# ASSIGNMENT
Note on the material below: return exactly the lines from the line that holds "Aansluiting E en" through the line that holds "一种含吡啶结构的酰肼类化合物及其制备和应用", and leave out each picture.

# SOURCE MATERIAL

═══

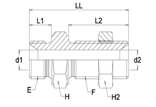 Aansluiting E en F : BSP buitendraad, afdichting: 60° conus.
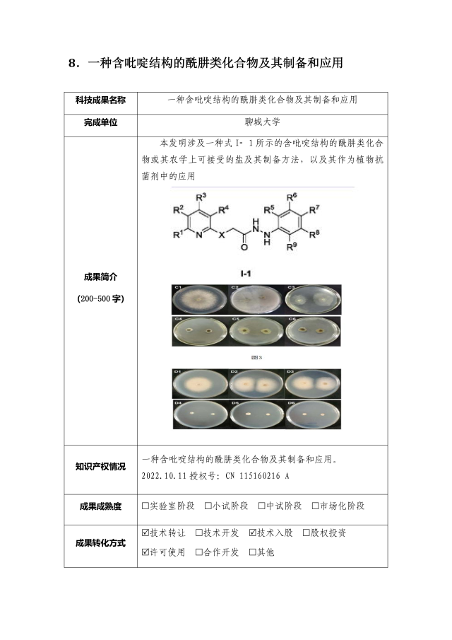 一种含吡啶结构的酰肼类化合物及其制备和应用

═══

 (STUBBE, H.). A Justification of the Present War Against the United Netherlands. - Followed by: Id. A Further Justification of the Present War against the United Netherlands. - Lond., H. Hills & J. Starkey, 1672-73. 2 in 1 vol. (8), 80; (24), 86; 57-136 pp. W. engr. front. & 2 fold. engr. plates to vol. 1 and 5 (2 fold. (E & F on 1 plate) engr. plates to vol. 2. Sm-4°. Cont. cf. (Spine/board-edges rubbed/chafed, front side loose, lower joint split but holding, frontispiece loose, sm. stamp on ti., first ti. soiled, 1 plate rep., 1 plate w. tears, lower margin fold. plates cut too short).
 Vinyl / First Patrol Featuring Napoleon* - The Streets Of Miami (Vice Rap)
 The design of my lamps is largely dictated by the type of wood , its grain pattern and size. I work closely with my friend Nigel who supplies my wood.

═══

# EXERCISE RESULT
 Aansluiting E en F : BSP buitendraad, afdichting: 60° conus.
 一种含吡啶结构的酰肼类化合物及其制备和应用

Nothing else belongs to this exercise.